Szymon Laks was a composer, conductor, author and translator. Born on November 1st, 1901, in Warsaw, to a family of assimilated Jews. For over two years, he was incarcerated in the Auschwitz-Birkenau concentration camp where he was the conductor of the camp’s orchestra. He died on 11th of December 1983.
He initially studied maths at the University of Stefan Batory in Vilnius (1919-21). In 1921, he changed his mind and enrolled at Warsaw Conservatory to study composition and counterpoint. He simultaneously attended lectures of maths and philosophy at Warsaw University. He eked out a living by playing piano for silent films, playing the violin in cafés and restaurants and giving music lessons. His son, Andre Laks recalls that his father even ‘toured the world as a fiddler on a cruise liner’.
In 1926 he went off to Paris, where he completed his compositional studies and developed as a conductor at the Conservatoire National de Musique. From 1927 he was associated with the Society of Young Polish Musicians in Paris.
He passed the beginning of the war in Paris. In 1941 he was arrested by the Germans and imprisoned in the Pithivier camp near Orlean as a ‘foreign Jew’. From there, in 1942 he was deported to Auschwitz-Birkenau concentration camp. For the onset he worked there as a copyist and member of camp’s orchestra but soon became its conductor – a post which kept him alive. Primo Levi, the author of the book If This Is a Man, a shocking summary of Auschwitz experience would later say that Szymon Laks was one of the ‘chosen’, which he opposed to the ‘condemned’ – meaning prisoners who were killed in the gas chambers or died from exhaustion and hunger. From 1944, up until the end of war he remained at Dachau concentration camp in Germany.
He described his experiences of wartime and imprisonment in various camps in the book Musiques d’un autre monde (Music From Another World, published 1948), which earned him a prize for the best testimony of contemporary historical events. Jeux Auschwitziens (Auschwitz Games, from 1979) is his other celebrated novel concerning the topic of Shoah.
A certain aloofness, which can be found in both books, is a result of the need to adopt a way which enables one to testify – wrote Andre Laks in his essay ’About My Father – Szymon Laks’ – The relentless need to give testimony is strongly related to the impossibility of testifying. Poise, and even irony, are the strategies he used to deal with his tragic memories.

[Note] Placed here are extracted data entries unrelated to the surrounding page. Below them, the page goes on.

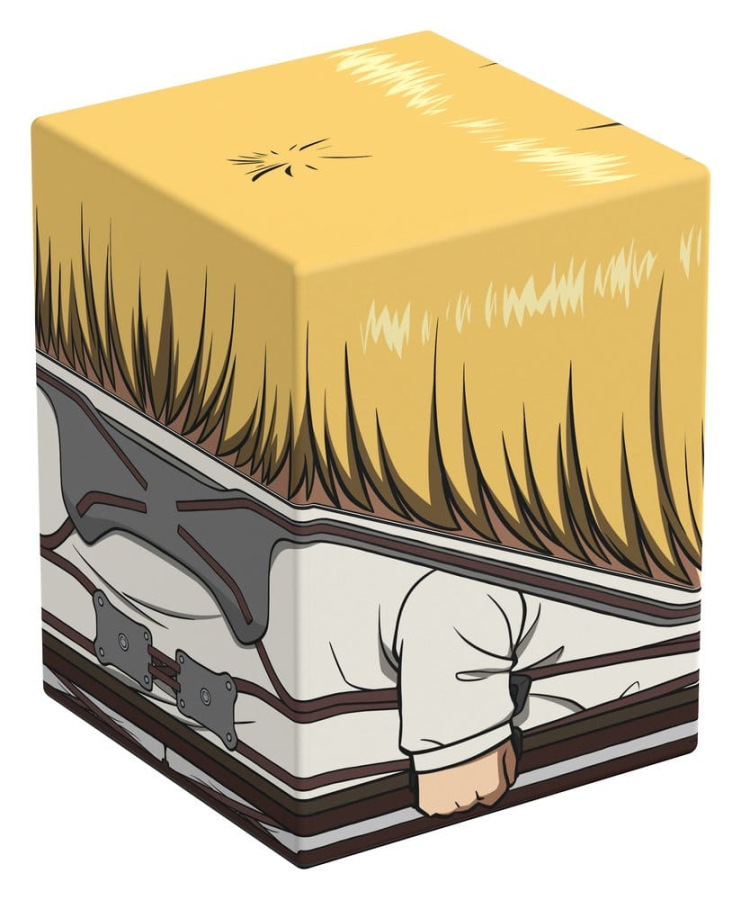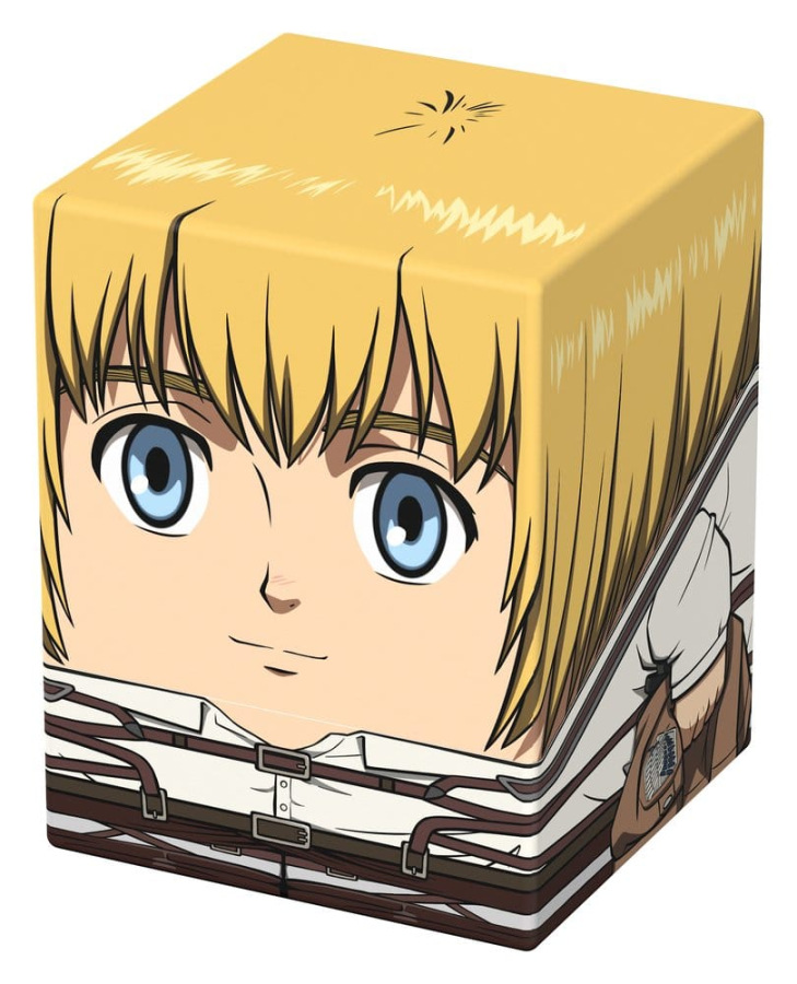 Collectible box for storing TCG decks, tabletop gaming accessories, and/or collectibles. The Armin Arlert Squaroe from the Attack on Titan edition holds up to 100 cards in double protective sleeves if used as a deck box. Squaroes are made from 78% renewable resources and fit perfectly into the separately available Collectors Case.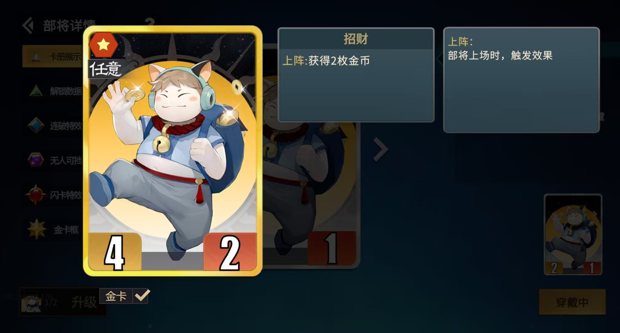 游戏内金币无复利机制,不存在“存钱生息”概念,故囤积金币不具备收益优势。真正的经济增益来源于三类稳定渠道:固定回合收入、后勤类效果加成、以及特定统帅或金卡的被动触发。基础回合金币随对局进程线性增长;而招财金卡上阵即提供2枚金币,若搭配青龙阵营的上阵效果(收益翻倍),单张即可贡献4枚金币;蜀国糜夫人在后勤位时固定获得2枚金币,若其为金卡,则直接产出4枚金币;秦阵营吕不韦则在每次斩将成功后额外获取金币。这些均为可量化、可规划的刚性经济来源。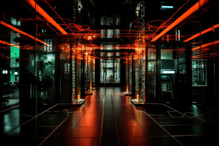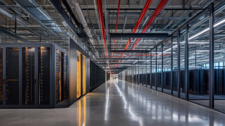 data center with emergency lights, generators, and fire suppression systems visible, created with generative ai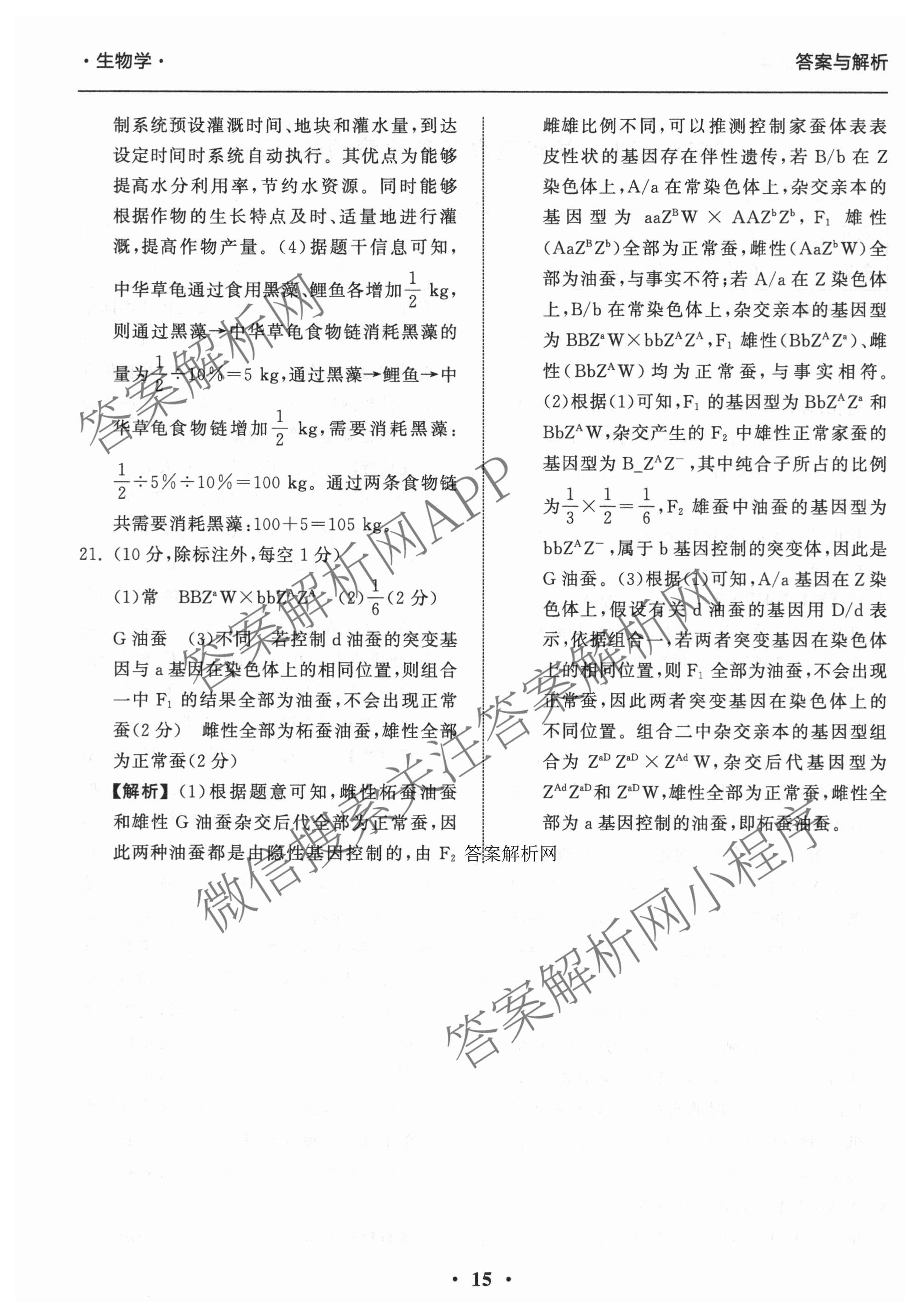 - 2025-2026(衡中同卷)·学年度[高三]复习滚动卷(三)3生物答案
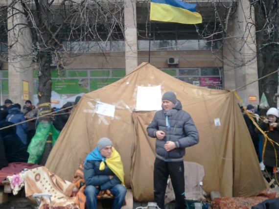 До наметового містечка в основному пропускають журналістів пропускають за посвідчення так само як і до будинку профсоюзів, де знаходиться прес-центр.
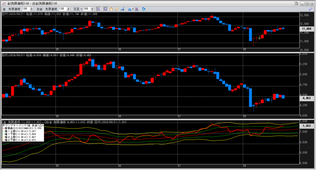 金白金の鞘をボリンジャーバンドで見ていきます。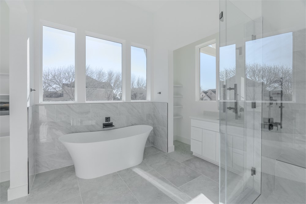 - Spa-inspired primary bath with luxury waterfall tub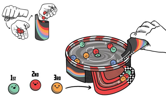Great table centrepiece. It’s as exciting to watch in action as it is to play. Addictively simple. Gets the balance between luck and skill just right, so it’s super-easy to learn but rewarding to play. Advanced rules add an extra level of skill, luck and venom with the advanced rules.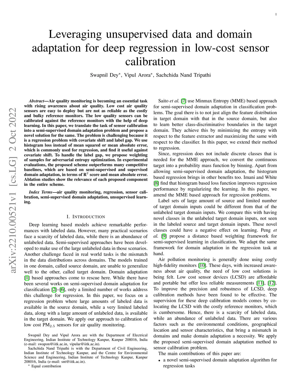 Air quality monitoring is becoming an essential task with rising awareness about air quality. Low cost air quality sensors are easy to deploy but are not as reliable as the costly and bulky reference monitors. The low quality sensors can be calibrated against the reference monitors with the help of deep learning. In this paper, we translate the task of sensor calibration into a semi-supervised domain adaptation problem and propose a novel solution for the same. The problem is challenging because it is a regression problem with covariate shift and label gap. We use histogram loss instead of mean squared or mean absolute error, which is commonly used for regression, and find it useful against covariate shift. To handle the label gap, we propose weighting of samples for adversarial entropy optimization. In experimental evaluations, the proposed scheme outperforms many competitive baselines, which are based on semi-supervised and supervised domain adaptation, in terms of R2 score and mean absolute error. Ablation studies show the relevance of each proposed component in the entire scheme.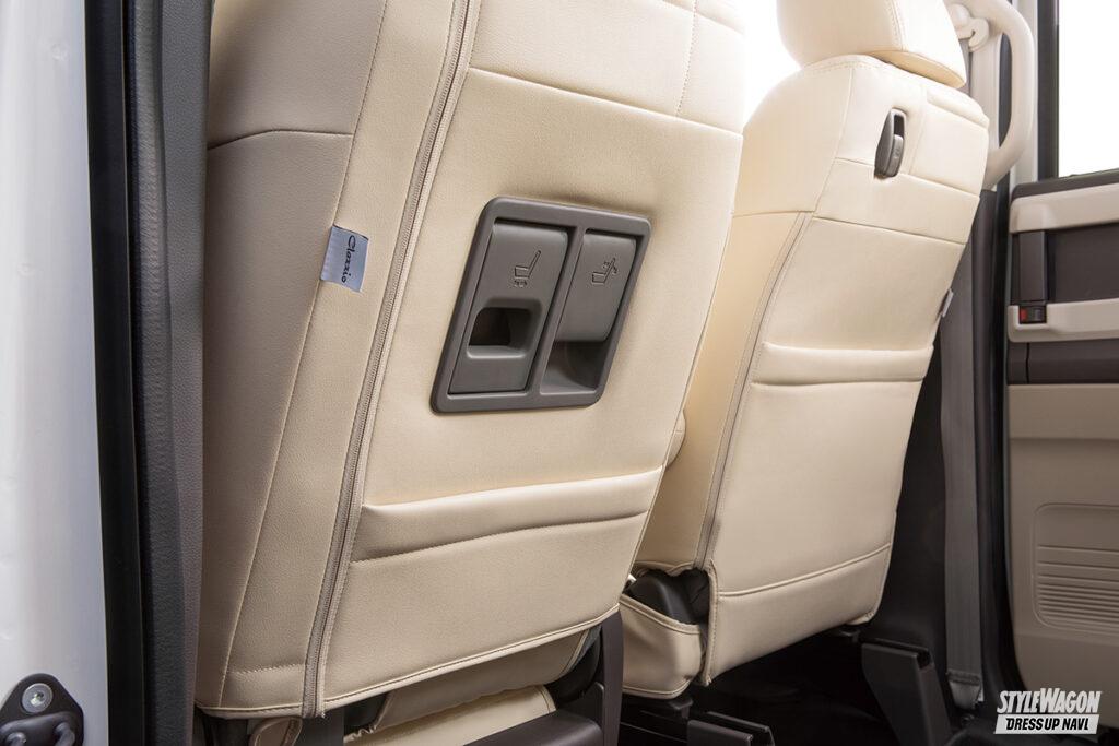 純正シートに被せることで、色や縫製ラインを変えることができ、車内をガラリとイメチェンできる。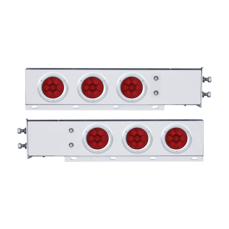 Par de LED rojos y lentes para barra de luz trasera con muelle, patrón de pernos 2.5", funciones stop/giro/posición, caja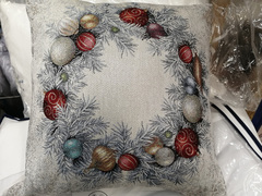 Подушка гобеленовая новогодняя Венок с шарами 44х44, гобелен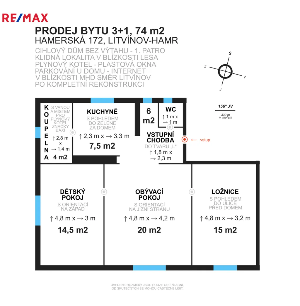 ✅ Dispozice 3+1 | 73,96 m² + sklepní kóje. Otevřený prostor z předsíně do obýváku i do kuchyně působí velmi prostorně a vzdušně a díky jižní orientaci dvou pokojů je byt slunný a teplý.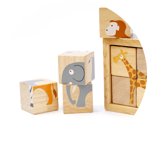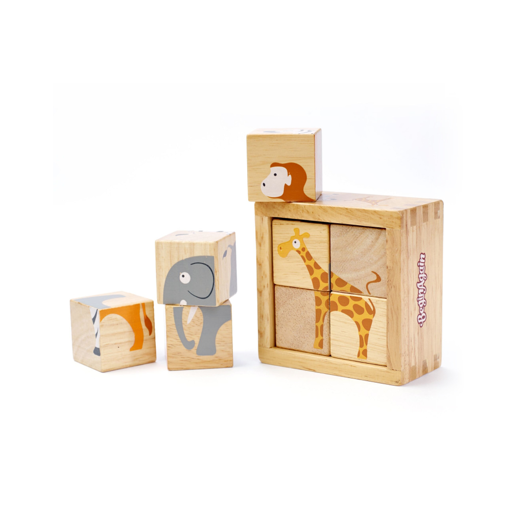 The Buddy Blocks features six different animal designs printed on each side of the four puzzle cubes. Accurately match all four sides to reveal the animal!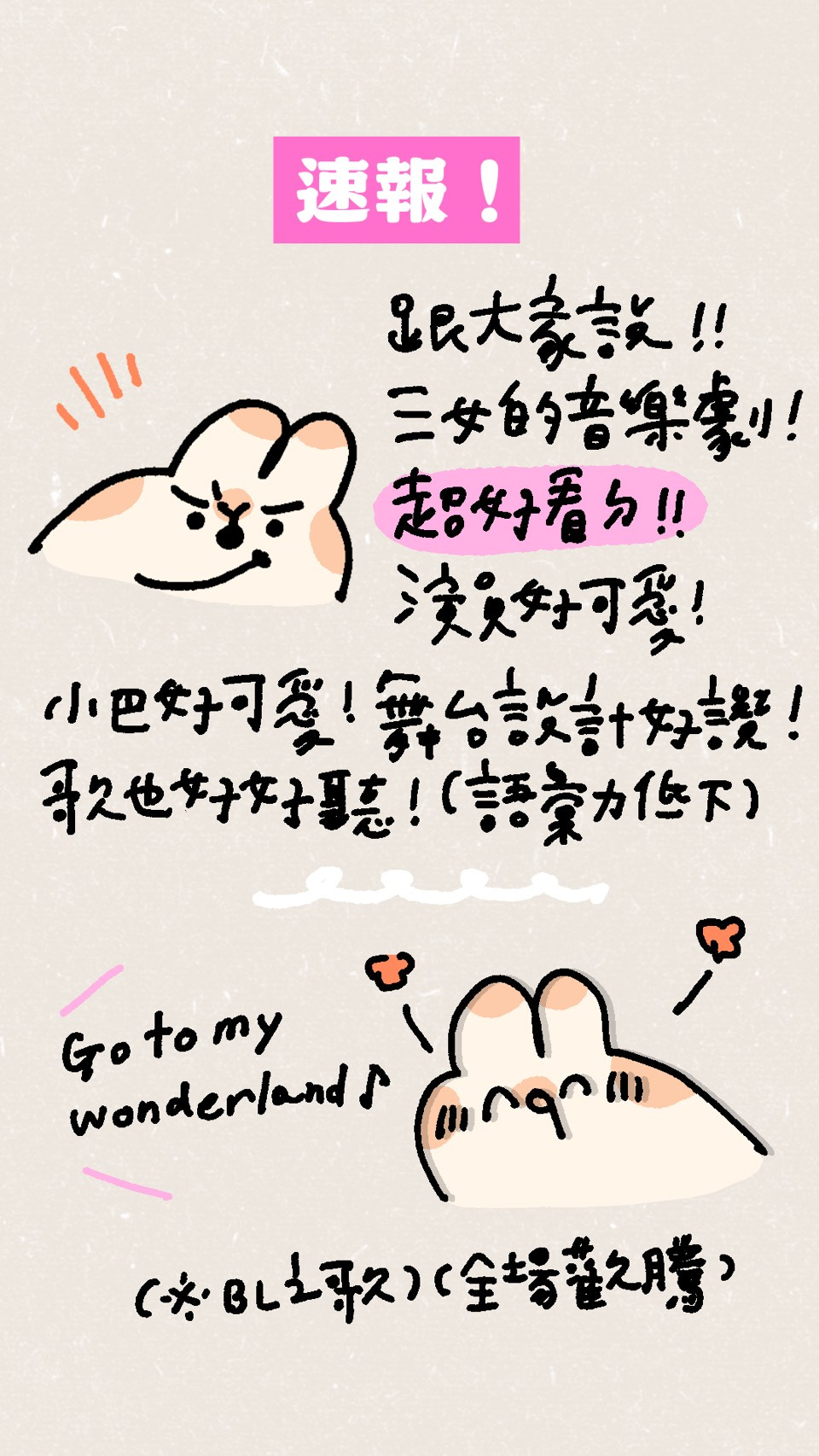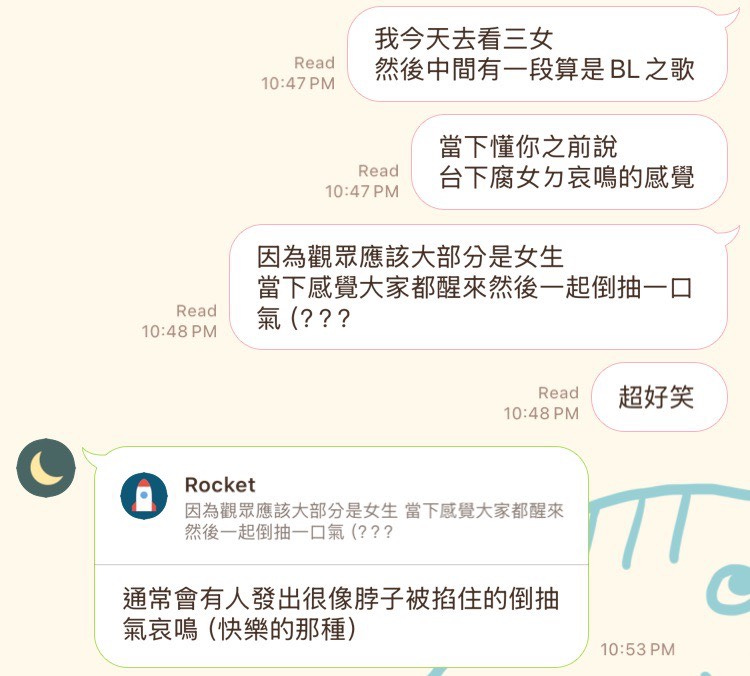 另外是關於前面提到的 BL 之歌〈Go to My Wonderland〉(這什麼不檢點的歌名!嚴厲斥責!目不轉睛!)我看完戲之後立刻傳 LINE 給我的朋朋阿偉: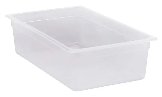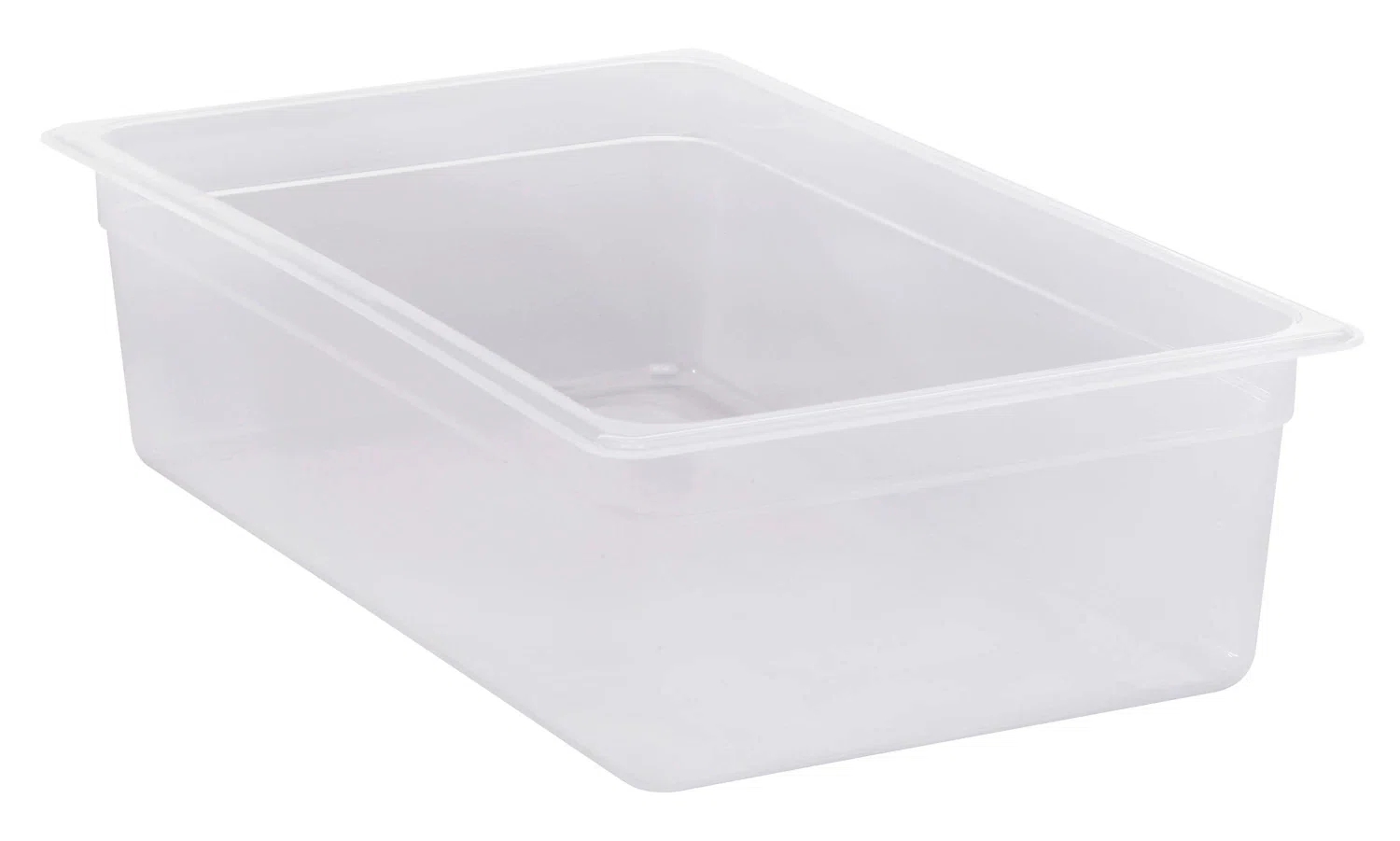 Genomskinlig och BPA-fri plastkantin från Cambro. Ett kostnadseffektivt och pålitligt val för professionella kök. Plastkantinen är tillverkad i slitstark, genomskinlig polypropen.
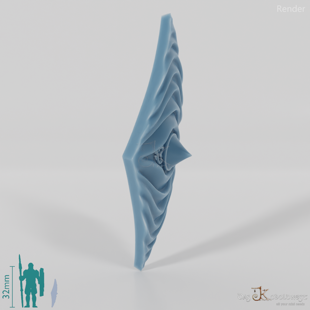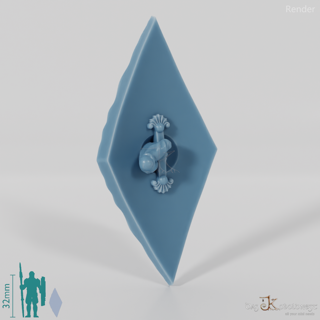 Kleiner, eckiger Schild mit Schlagdorn, der von einer Hand mit fingerlosen Handschuhen gehalten wird. Das Modell kann beliebig mit allen modularen Modellen der Reihe "Die Elfen versammeln sich" kombiniert werden. Modell wahlweise mit rechter oder linker Hand verfügbar.

His music composed after World War II and music from Music From Another World have nothing in common – wrote Andre Laks.
The topic of the genocide reoccurs is pieces like: Huit chants populaires juif (8 Popular Jewish Songs composed in 1847), Funeral or Elegy of Jewish Towns, based on the celebrated poem by Antoni Słonimski. Music for theatrical play Les filles du forgeron (Smith’s Daughter) by Perec Hirschbein is another of this kind.
After Paris’ liberation he became a French citizen. He didn’t compose much, concentrating mostly on commercial music. Health and financial issues made him artistically silent throughout the 1950s (apart from the sole Poem for violin and orchestra from 1954).
In 1960s, inspired by his cooperation with the singer Halina Szymulska, he undertook his composing work again, focusing mostly on vocal lyrics. In 1966 he wrote his only opera L'hirondelle inattendue (The Unexpected Swallow), one-act comic opera referring to the traditions of vaudeville.
In 1967, when the Six Day War broke out, he stopped working again.
He told me that there is no reason to write music any more – his son said – To him, this war meant that the Jewish nation was in danger again. Aggression made the music quiesce.
From 1972 he worked only as a journalist and author.
Instead of notes he took care of letters – writes Andre Laks – My father had a passion not only for music but also for foreign languages and for language itself. I remember that he was subscribed to a very specialist magazine Vie et Language, which he read to me from time to time. He was interested in the problems of translation and politics – especially everything that directly or indirectly concerned the state of Israel.
Zofia Helman, a musicologist and connoisseur of Polish music classified his output as neo-classicist. Szymon Laks was inspired by genres and forms of baroque and classicism (amongst others, symphony, sonata and concert forms). The construction of his works is simple and clear. He often uses the counterpoint and harmonic means typical of neoclassicism. In his songs, he merges different traditions: Polish songs, French chanson, and Jewish folklore, and this is what makes them so original.
Szymon Laks was awarded for his compositions numerous times. In 1928 he received an honourable mention for his jazz fantasy entitled Blues symphonique (Symphonic Blues) for the orchestra and saxophone. In 1949 he was awarded for a piano ballad, Hommage à Chopin. His other awarded works are a song Polały się łzy me with lyrics by Adam Mickiewicz and Concerto da camera, which earned him first prize at the International Compositions Contest in Divonne-les-Bains.